Stream pipelines are evaluated lazily: evaluation doesn’t start until the terminal operation is invoked, and data elements that aren’t required in order to complete the terminal operation are never computed. This lazy evaluation is what makes it possible to work with infinite streams. Note that a stream pipeline without a terminal operation is a silent no-op, so don’t forget to include one.

流管道的計算是惰性的:直到調用 Terminal 操作時纔開始計算,並且對完成 Terminal 操作不需要的數據元素永遠不會計算。這種惰性的求值機制使得處理無限流成爲可能。請注意,沒有 Terminal 操作的流管道是無動作的,因此不要忘記包含一個 Terminal 操作。
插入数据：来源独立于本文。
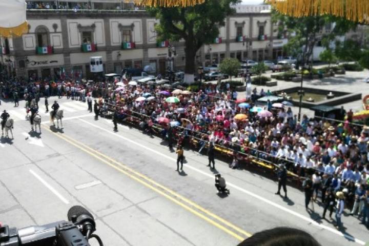 Poco menos de una hora duró el desfile cívico militar del 206 Aniversario del Inicio de la Gesta Heroica de la Independencia de México en Morelia, donde participaron autoridades, estudiantes, elementos de la Policía Federal, Militares y agrupamientos de emergencia, así como jinetes y escaramuzas.

The streams API is fluent: it is designed to allow all of the calls that comprise a pipeline to be chained into a single expression. In fact, multiple pipelines can be chained together into a single expression.

流 API 是流暢的:它被設計成允許使用鏈式調用將組成管道的所有調用寫到單個表達式中。實際上,可以將多個管道鏈接到一個表達式中。

By default, stream pipelines run sequentially. Making a pipeline execute in parallel is as simple as invoking the parallel method on any stream in the pipeline, but it is seldom appropriate to do so (Item 48).

默認情況下,流管道按順序運行。讓管道並行執行與在管道中的任何流上調用並行方法一樣簡單,但是這樣做不一定合適(Item-48)。

The streams API is sufficiently versatile that practically any computation can be performed using streams, but just because you can doesn’t mean you should. When used appropriately, streams can make programs shorter and clearer; when used inappropriately, they can make programs difficult to read and maintain. There are no hard and fast rules for when to use streams, but there are heuristics.

流 API 非常通用,實際上任何計算都可以使用流來執行,但這並不意味着你就應該這樣做。如果使用得當,流可以使程序更短、更清晰;如果使用不當,它們會使程序難以讀取和維護。對於何時使用流沒有硬性的規則,但是有一些啓發式的規則。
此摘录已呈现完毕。